ARTICLE 14 – RETURN OF ITEMS MADE AVAILABLE
- If the contractor has made items available to the client during the execution of the order, the client must return the delivered goods at his written request within 14 days in their original condition, free of defects and in full. If the client does not fulfill this obligation, all resulting costs will be for his account.
- If the client still defaults after receiving a reminder, the contractor may recover the resulting damage and costs, including the costs of replacement.
ARTICLE 15 – LIABILITY
- For accepted assignments the contractor has a best-efforts obligation. If the Contractor should be liable, this liability is limited to what is regulated in this provision.
- The Contractor is not liable for damage, of whatever nature, arising because the Contractor has relied on incorrect and / or incomplete information provided by or on behalf of the Client.
- Contractor is only liable for direct damage. Indirect damage is exclusively understood to mean the reasonable costs to determine the cause and extent of the damage, insofar as the determination relates to damage within the meaning of these terms and conditions, any reasonable costs incurred for the Contractor’s defective performance of the agreement. answered, insofar as these can be attributed to the Contractor and reasonable costs incurred to prevent or limit damage, insofar as the Client demonstrates that these costs have led to a limitation of direct damage as referred to in these general terms and conditions. The Contractor is never liable for indirect damage, including consequential damage, lost profit, missed savings and damage due to business interruption.
- If the contractor is liable for direct damage, this liability is limited to a maximum of the invoice amount and in any case the amount of the payment to be made by the contractor’s insurer in the appropriate case.
- The limitations of liability referred to in this article do not apply if the damage is due to intent or gross negligence on the part of the contractor or his supervisor subordinates.
ARTICLE 16 – INDEMNIFICATIONS
The Client indemnifies the Contractor against claims from third parties who suffer damage in connection with the performance of the agreement and the cause of which is attributable to others than the Contractor. If the Contractor is sued by third parties on that basis, the Client is obliged to assist the Contractor both in and out of court and to do everything that may be expected of him in that case without delay. Should the Client fail to take adequate measures, the Contractor is entitled to do so himself without notice of default. All costs and damage on the part of the Contractor and third parties that arise as a result, are fully for the account and risk of the Client.
ARTICLE 17 – FORCE MAJEURE
- The parties do not have to comply with an obligation if they are hindered by circumstances that cannot be attributed to fault, and – according to the law – even if they are responsible for a legal act or generally accepted beliefs.
- Force majeure is understood to mean – in addition to what is understood by law and case law – all external causes, foreseen or unforeseen, on which the contractor cannot exert influence, but as a result of which it is unable to fulfill its obligations. Work strikes in the company of the contractor, illness and / or incapacity for work are also included.
- The Contractor also has the right to invoke force majeure if the circumstance that prevents (further) fulfillment occurs after he should have fulfilled his obligations.
- If the Contractor has already partially fulfilled his obligations at the time of force majeure or will he be able to fulfill them, he may declare this part. The Client will then pay this invoice as if it were a separate assignment.
ARTICLE 18 – CONFIDENTIALITY
- Both parties are obliged to keep confidential information they received for the assignment secret. Information is considered confidential if this is indicated by the other party or if this is apparent from the (type of) information.
- According to a statutory provision or a court order, the contractor must provide confidential information to third parties designated by law or the competent court and cannot invoke a legal or authorized right of refusal that is recognized or permitted by the competent court then he is not obliged to pay compensation or compensation and the other party is not entitled to dissolve the assignment on the basis of the damage that has arisen as a result.
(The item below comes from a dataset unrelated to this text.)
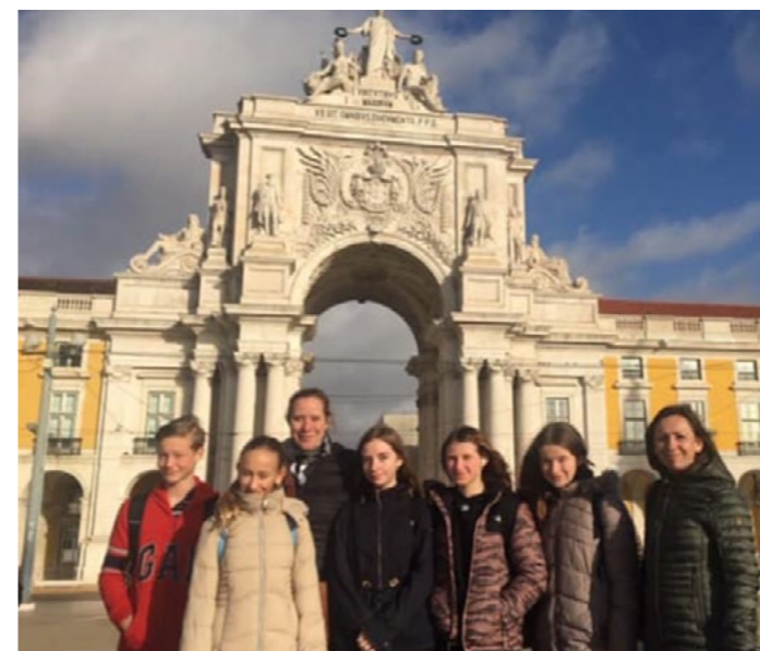
Leden 2019, Lisabon

Vzhledem k dlouhému období omezujícímu cestování naživo jsme ve dnech 10. až 14. května zorganizovali první virtuální mobilitu projektu. Virtuální mobilita do Itálie, která nesla název „Jídlo skrze lokální a národní identitu“, se věnovala typickému jídlu jednotlivých států a s ním spojeným tradicím.

ARTICLE 19 – INTELLECTUAL PROPERTY AND COPYRIGHTS
The Contractor reserves the rights and powers that accrue to him under the Copyright Act and other intellectual laws and regulations. The Contractor has the right to use the knowledge gained through the performance of an agreement for other purposes, insofar as no strictly confidential information of the Client is disclosed to third parties.
ARTICLE 20 – DISPUTES
- In all cases not covered by these general terms and conditions, the Social Media Coach and the customer decide in mutual consultation.
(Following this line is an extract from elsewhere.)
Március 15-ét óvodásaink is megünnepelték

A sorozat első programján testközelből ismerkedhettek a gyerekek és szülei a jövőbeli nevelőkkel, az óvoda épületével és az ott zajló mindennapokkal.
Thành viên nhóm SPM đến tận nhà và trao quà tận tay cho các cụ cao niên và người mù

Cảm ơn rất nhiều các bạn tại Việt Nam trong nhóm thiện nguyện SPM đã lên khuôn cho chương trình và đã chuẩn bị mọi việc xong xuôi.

- If it proves impossible to resolve such a dispute in mutual consultation, the dispute will be settled by the competent court.
ARTICLE 21 – APPLICABLE LAW
Dutch law applies to every assignment between the contractor and the client. Even if an obligation is fully or partially performed abroad or when the client lives or is established abroad.
ARTICLE 22 – AMENDMENTS
The latest version or the version that applied at the time the assignment was concluded is always the applicable version.
ARTICLE 23 – REMOTE SERVICES
This provision only applies to the Client in the capacity of Consumer.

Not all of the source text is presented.